Among the changes included in the CFPB amendments are the following:
- Payoff Statements. Requiring servicers to provide payoff statements within seven business days of receiving borrowers’ requests for the same (12 C.F.R. § 1026.36(c)(3)).
- Qualified Written Requests. Additional guidelines for responding to qualified written requests which allege certain statutorily-defined servicing errors. See 12 C.F.R. § 1024.35(b). Although servicers must still investigate and respond to most qualified written requests within 30 business days (12 C.F.R. § 1024.35(e)(3)(C)), servicers must respond to complaints relating to alleged erroneous payoff statements within seven business days (12 C.F.R. § 1024.35(e)(3)(A)) and are required to investigate alleged foreclosure proceeding irregularities before foreclosure sales may be held (12 C.F.R. § 1024.35(e)(3)(B)).
- Loss Mitigation.
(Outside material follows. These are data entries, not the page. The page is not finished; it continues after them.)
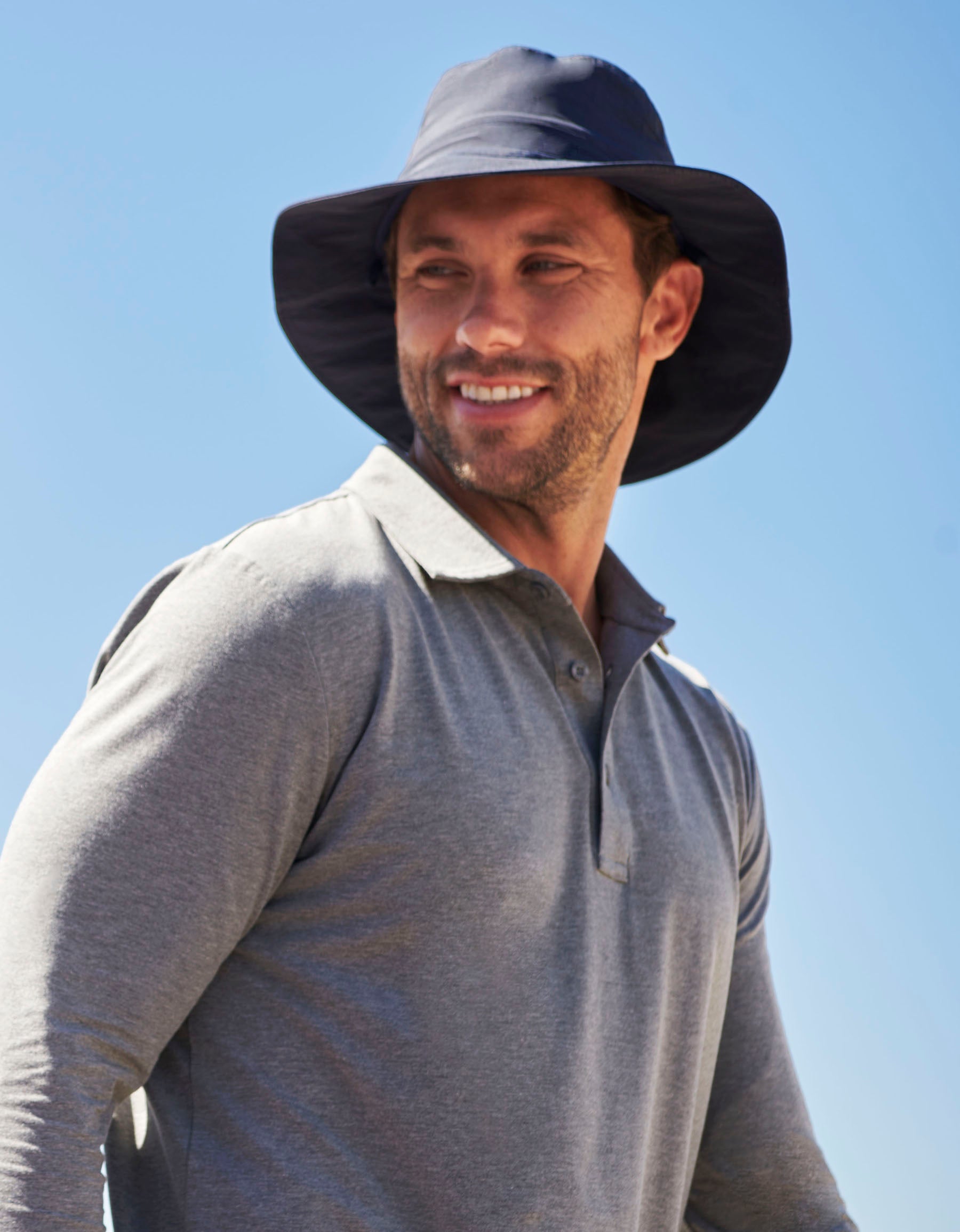 Designed for all-day adventures, the Men’s Expedition Sun Hat delivers UPF 50+ sun protection to help shield your face, ears, and neck from harmful rays. A 2.75" (7 cm) front brim and 4" (10 cm) back brim offer extended coverage where you need it most, while mesh ventilation panels and lightweight, breathable fabric keep you cool and comfortable. A built-in sweatband helps manage moisture, making this hat a dependable choice for hiking, fishing, and long expeditions.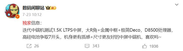 近期有一款搭载天玑9400+处理器的高性能中端机官宣,将会在几天后发布,就是iqoo z10 Turbo+,目前配置已经被爆料的差不多了,这大概是版本迭代之前中端市场的最后一次内卷,性价比会拉的很满。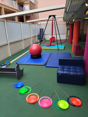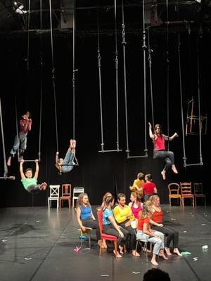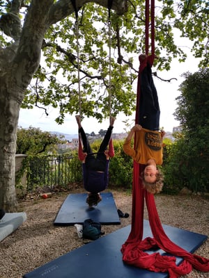 - Découverte ou perfectionnement des techniques aériennes: (environ 5h de pratique quotidienne) tissu, corde lisse et trapèze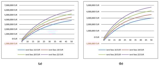 In the variant with a 4% rate of return, the LCC difference for extreme rent values after 50 years of use is 680,551 EUR, and in the variant with 7% it amounts to 424,947 EUR, that is about 60%. There is also a clear difference between the beginning of investment profitability for the different levels of rent. For the 7% interest rate, the profitability for the lowest and the highest rental rate is about 6–9 years, while for the 4% rate it is only 5–7 years.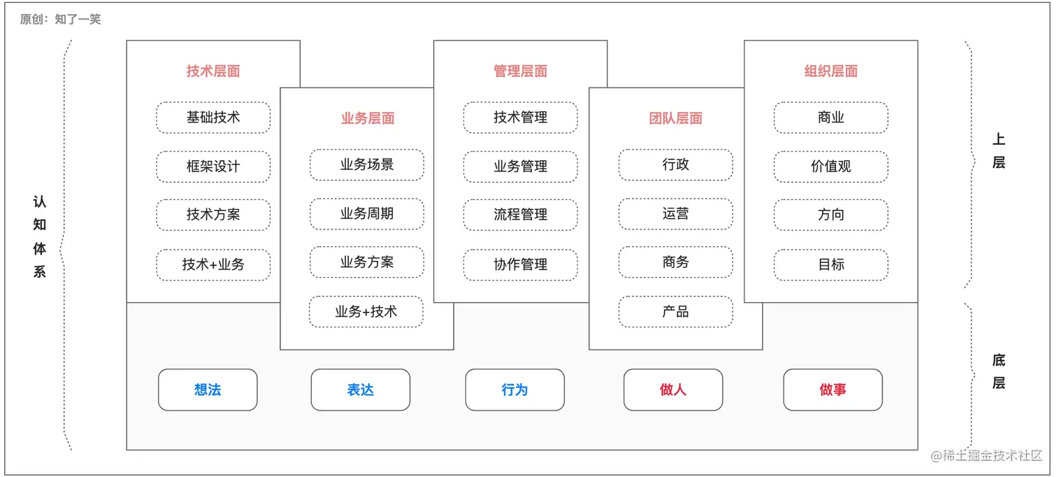 最后以说人话的方式来描述,认知就是想法、表达、行为;直接体现就是做人和做事;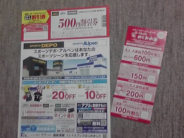 さらに、スポーツデポの500円割引券と、大府市にある天然温泉めぐみの湯の割引券がついてきました。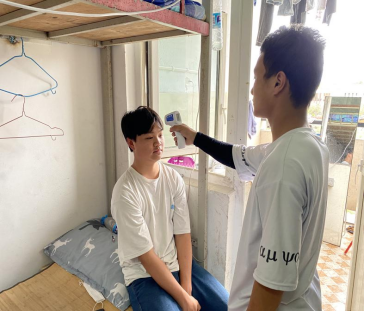 夜晚,老师们在寝室与同学们聊天拉家常。从俄乌战争到身边疫情,从趣闻轶事到天寒添衣,声声叮咛,万分嘱托,学生也表示坚持抗“疫”到底。

If a borrower sends a loss mitigation application to a servicer at least 45 calendar days before a scheduled foreclosure sale, the servicer must inform the borrower within five business days whether the borrower’s loss mitigation application is complete. 12 C.F.R. § 1024.41(b)(2)(B). If the borrower’s loss mitigation application is incomplete, the servicer must specifically inform the borrower what additional documents are required to complete the application. Id. If the servicer receives a completed loss mitigation application at least 37 calendar days before the foreclosure sale, it must decide whether the borrower is eligible for any loss mitigation options within 30 calendar days. 12 C.F.R. § 1024.41(c). Once the servicer determines whether the borrower qualifies for any loss mitigation option, the servicer must permit the borrower a minimum of seven calendar days to either accept the proffered loss mitigation option or appeal the servicer’s denial of the same. 12 C.F.R. § 1024.41(e). The regulations prohibit a foreclosure sale from taking place until after the servicer has denied the loss mitigation option and the either the time for the borrower to appeal the servicer’s decision has lapsed or the servicer has considered and rejected the borrower’s appeal. 12 C.F.R. § 1024.41(g)-(h).
In the coming months, these new rules are likely to lead to additional causes of action asserted against servicers by borrowers seeking to avoid foreclosure. However, due preparation in the form of updated compliance procedures and staff training, for example, could go some way towards minimizing litigation and compliance risks.